__LISTED RECORDS__:
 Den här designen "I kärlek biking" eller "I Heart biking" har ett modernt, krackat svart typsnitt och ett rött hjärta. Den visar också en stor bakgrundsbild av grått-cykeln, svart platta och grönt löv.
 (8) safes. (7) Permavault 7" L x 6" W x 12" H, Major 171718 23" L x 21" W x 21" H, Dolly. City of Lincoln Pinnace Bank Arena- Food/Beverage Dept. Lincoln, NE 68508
* * *
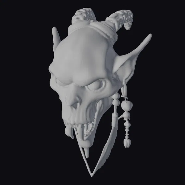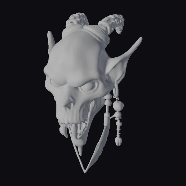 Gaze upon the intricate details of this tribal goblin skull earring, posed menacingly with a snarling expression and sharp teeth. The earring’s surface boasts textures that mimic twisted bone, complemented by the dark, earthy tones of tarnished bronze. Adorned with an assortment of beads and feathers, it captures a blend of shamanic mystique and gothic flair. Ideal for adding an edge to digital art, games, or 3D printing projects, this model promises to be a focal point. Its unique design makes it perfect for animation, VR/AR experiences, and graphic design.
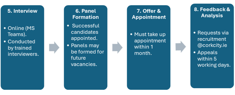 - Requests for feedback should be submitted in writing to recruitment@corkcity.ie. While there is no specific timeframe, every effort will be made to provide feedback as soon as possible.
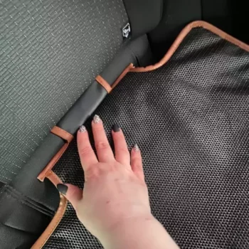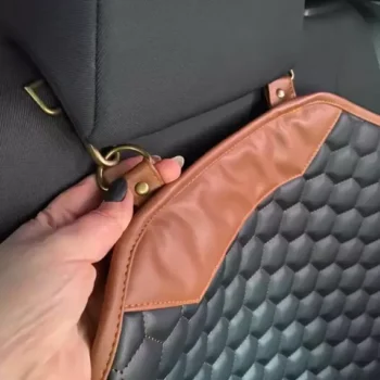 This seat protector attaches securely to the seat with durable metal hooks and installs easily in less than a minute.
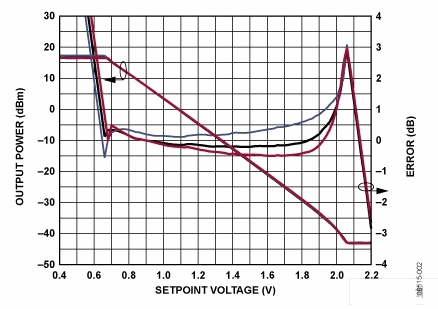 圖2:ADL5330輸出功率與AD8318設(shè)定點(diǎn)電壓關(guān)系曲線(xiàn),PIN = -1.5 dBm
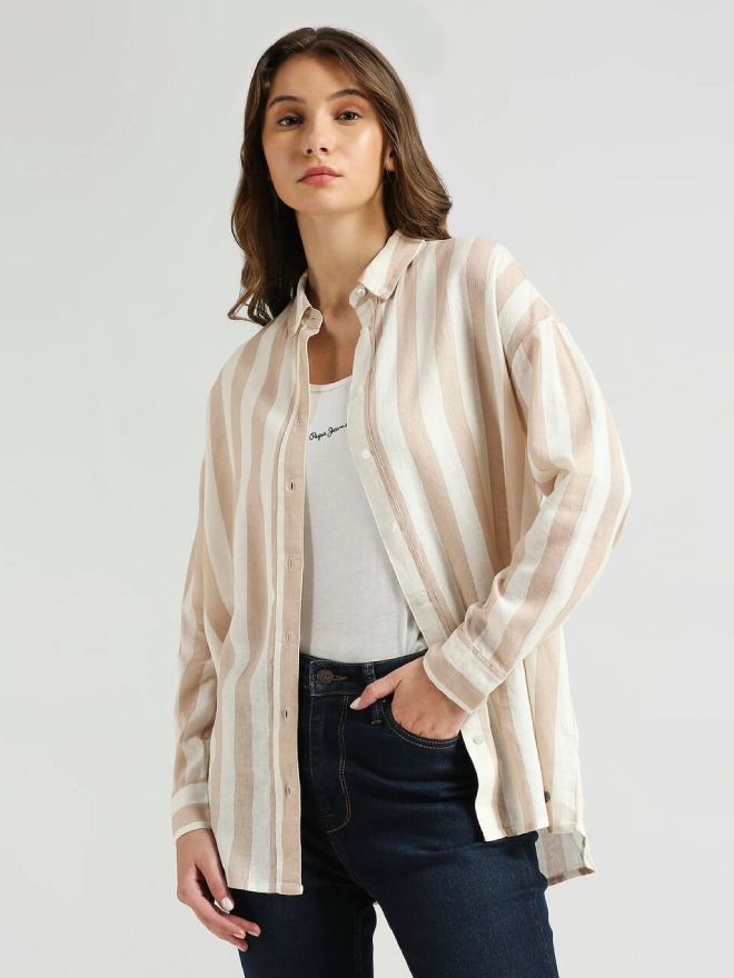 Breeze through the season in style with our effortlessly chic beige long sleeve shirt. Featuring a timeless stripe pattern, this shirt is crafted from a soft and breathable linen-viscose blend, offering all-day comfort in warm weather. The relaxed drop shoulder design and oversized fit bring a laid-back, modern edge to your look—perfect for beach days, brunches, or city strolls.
* * *
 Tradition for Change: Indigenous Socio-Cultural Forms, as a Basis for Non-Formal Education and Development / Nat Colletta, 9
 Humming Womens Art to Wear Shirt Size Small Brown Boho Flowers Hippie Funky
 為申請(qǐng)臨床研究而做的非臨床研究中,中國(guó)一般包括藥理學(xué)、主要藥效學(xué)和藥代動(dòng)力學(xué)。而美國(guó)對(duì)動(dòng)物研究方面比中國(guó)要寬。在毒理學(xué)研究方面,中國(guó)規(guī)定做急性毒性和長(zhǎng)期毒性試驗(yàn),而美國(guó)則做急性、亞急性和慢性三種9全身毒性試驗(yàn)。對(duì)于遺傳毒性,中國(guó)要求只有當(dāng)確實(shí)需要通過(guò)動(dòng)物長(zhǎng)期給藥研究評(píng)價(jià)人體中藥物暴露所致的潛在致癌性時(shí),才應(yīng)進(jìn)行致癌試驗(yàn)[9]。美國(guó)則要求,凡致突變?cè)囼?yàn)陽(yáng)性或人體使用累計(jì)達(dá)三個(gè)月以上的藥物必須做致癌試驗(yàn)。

__REQUIRED ACTION__: Reproduce exactly the lines above starting at the line containing "- Requests for" and ending at the line containing "Breeze through the", including both, but not the pictures.

__EXERCISE OUTPUT__:
 - Requests for feedback should be submitted in writing to recruitment@corkcity.ie. While there is no specific timeframe, every effort will be made to provide feedback as soon as possible.
 This seat protector attaches securely to the seat with durable metal hooks and installs easily in less than a minute.
 圖2:ADL5330輸出功率與AD8318設(shè)定點(diǎn)電壓關(guān)系曲線(xiàn),PIN = -1.5 dBm
 Breeze through the season in style with our effortlessly chic beige long sleeve shirt. Featuring a timeless stripe pattern, this shirt is crafted from a soft and breathable linen-viscose blend, offering all-day comfort in warm weather. The relaxed drop shoulder design and oversized fit bring a laid-back, modern edge to your look—perfect for beach days, brunches, or city strolls.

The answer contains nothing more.